• **Exercise requirements**: The entire listing below is to be written out exactly, minus the pictures.

BEGIN Information shown

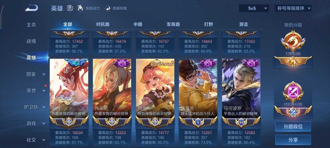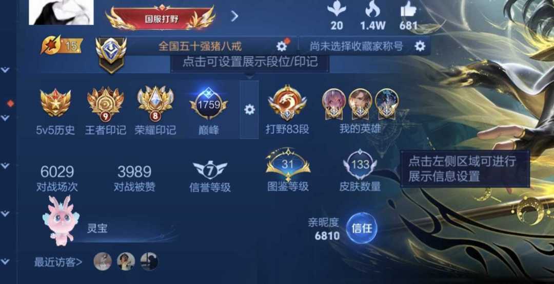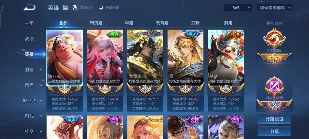 本周在榜国服50强猪八戒100强影梦琪⭐83段打野⭐八国服打野极品帅号
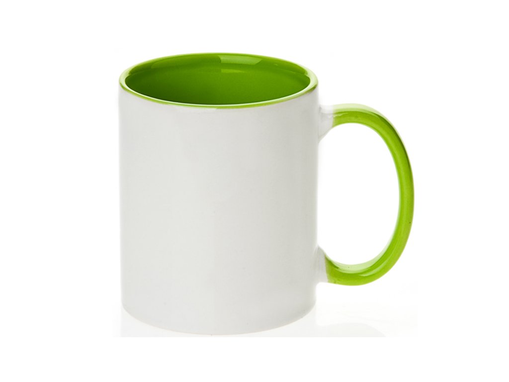 Keramický bílý hrnek s barevným vnitřkem a uchem pro sublimační potisk. Špičkové barevné podání a dlouhá životnost při mytí v myčce.
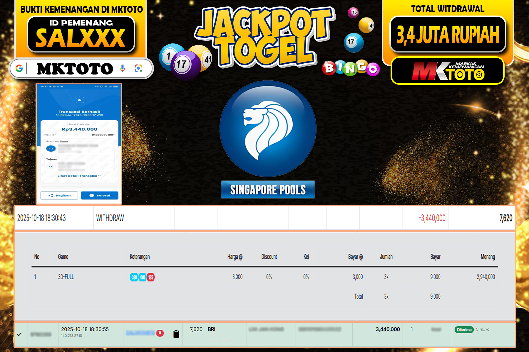JACKPOT SINGAPORE POOLS DENGAN TOTAL HADIAH 3,4 JT RUPIAH !!

END Information shown

• **Task response**:
 本周在榜国服50强猪八戒100强影梦琪⭐83段打野⭐八国服打野极品帅号
 Keramický bílý hrnek s barevným vnitřkem a uchem pro sublimační potisk. Špičkové barevné podání a dlouhá životnost při mytí v myčce.
JACKPOT SINGAPORE POOLS DENGAN TOTAL HADIAH 3,4 JT RUPIAH !!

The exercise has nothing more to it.